Clone this repository from a SageMaker container
git clone https://github.com/clarityai-eng/sagemaker-studio-for-teams.git
and from a console on a KernelGateway container (with a Ubuntu/Debian image) install the package with
cd sagemaker-studio-for-teams
pip install .
Then run the following commands
sm_init_sm
sm_start_sm
noting down the instance mi-...
.
On your local machine, you will need a private / public key pair with which to connect via SSH over SSM. If you do not already have one in ~/.ssh/id_rsa
/ ~/.ssh/id_rsa.pub
, then you can create one with ssh-keygen
. Then run
sm_init_local
sm_start_local mi-...
(Note that you will only need to run sm_init_local
once. You can point to any public key with the --public_key
flag, but the advantage of using ~/.ssh/id_rsa
is that the associated private key is passed by default by SSH.)
You will then be able to SSH into your KernelGateway container from your local machine by typing ssh root@mi-...
. This works just like a normal SSH: you can SCP to / from this host, forward ports (for dashboards like Streamlit, Dask, etc) and debug remotely with Visual Studio Code and PyCharm.
Visual Studio Code requires an explicit entry in the SSH config
file for the instance you want to connect to. If you do not already have the Remote Explorer extension installed, you can get it here.
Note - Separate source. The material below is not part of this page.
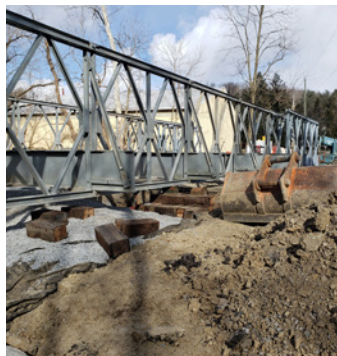
New bridge being installed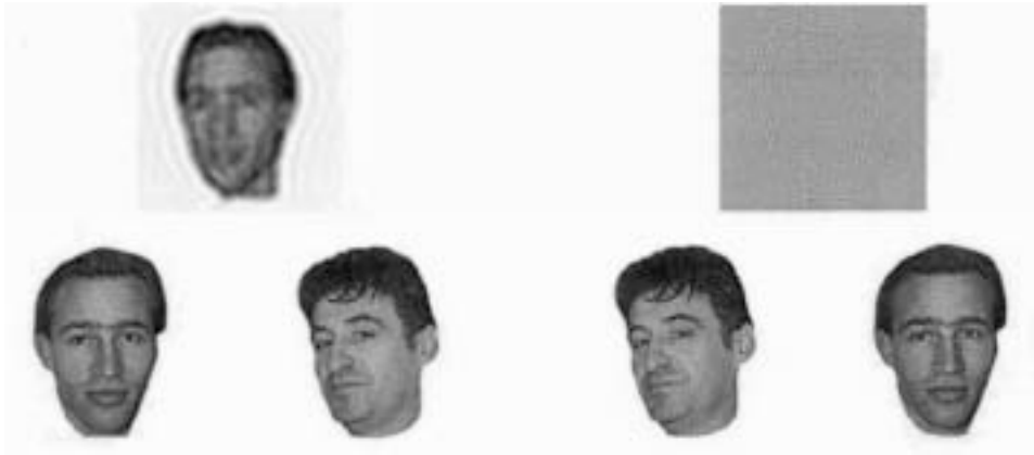
Fig. 2. Example of stimuli used in the high- (right side) and low-pass filtered (left side) condition in experiment 2.

Open the Remote Explorer extension, click on + to the right of SSH. Then type the ssh root@mi-...
and choose an appropriate SSH config
file.
PyCharm Professional can also be used for remote debugging but needs a larger instance than ml.t3.medium
to work.
If you need to SSH into other machines from SageMaker (for example, you might prefer to use GitLab over SSH), rather than copy your private keys, you can connect to the SageMaker instance with
ssh -A mi-...
and your local machine will authenticate any further SSH connections you make to other hosts in that shell using your SSH config
and private keys. Equivalently, you can add the line
Host mi-...
...
ForwardAgent yes
to your SSH config
file.
As SageMaker applications run inside Docker containers and the docker.sock
of the host is not exposed, it is not possible to run a Docker engine in a SageMaker container. However, it is possible to connect to a remote Docker engine. The terraform code in the bastion
directory of this repo does exactly that.
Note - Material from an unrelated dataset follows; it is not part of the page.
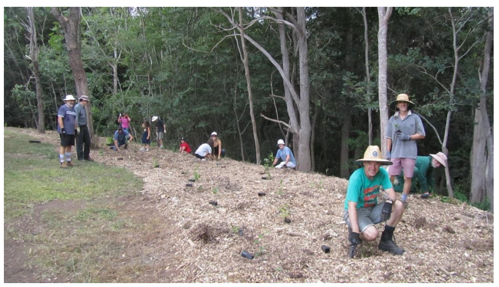
Planting in Tuckett St. Park

This year because of the extraordinary drought conditions we have had to devote a lot of time to watering our plantings and as usual we also spent many hours on weed removal and control. In this respect the almost complete lack of rain over winter and early spring has been helpful in that it allowed us to access areas that previously were almost impenetrable due to the growth of exotic grasses and weed vines. However the drought also had a devastating impact on some of our wildlife (see below). Over the year, our group contributed more than 320 volunteer hours and planted 880 native trees and shrubs.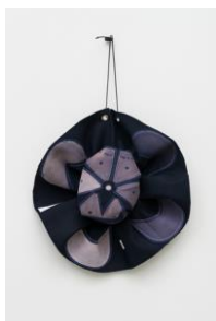
Tenant of Culture Untitled, 2024 cotton, fusing, thread, used hats, eyelet, elastic, toggle 60 x 52 x 18 Ø 40 cm

All you need to do is run sm_init_docker
on your KernelGateway container, restart your shell and you will be able to use Docker as if it were running on the same machine. The idea is to use the remote Docker engine to build and push your images directly from SageMaker, but this is not really a scalable way to run big jobs in Docker containers. Stopped containers and dangling or old images will be pruned periodically to prevent the remote Docker engine from running out of disk space.
All SageMaker Studio users have a directory on an EFS. This volume is mounted on the bastion
in /mnt/efs
which opens up the possibility for periodic backups to S3 and monitoring of disk usage per user (by running sm_studio status_all
).
This creates a Lambda function that EventBridge runs periodically to monitor long standing KernelGateway instances. All confirmed users will receive an email from the admin_email
if their m3-...
instances have been running for more than 5 days, or any other (generally more expensive) instances have been up for more than a day.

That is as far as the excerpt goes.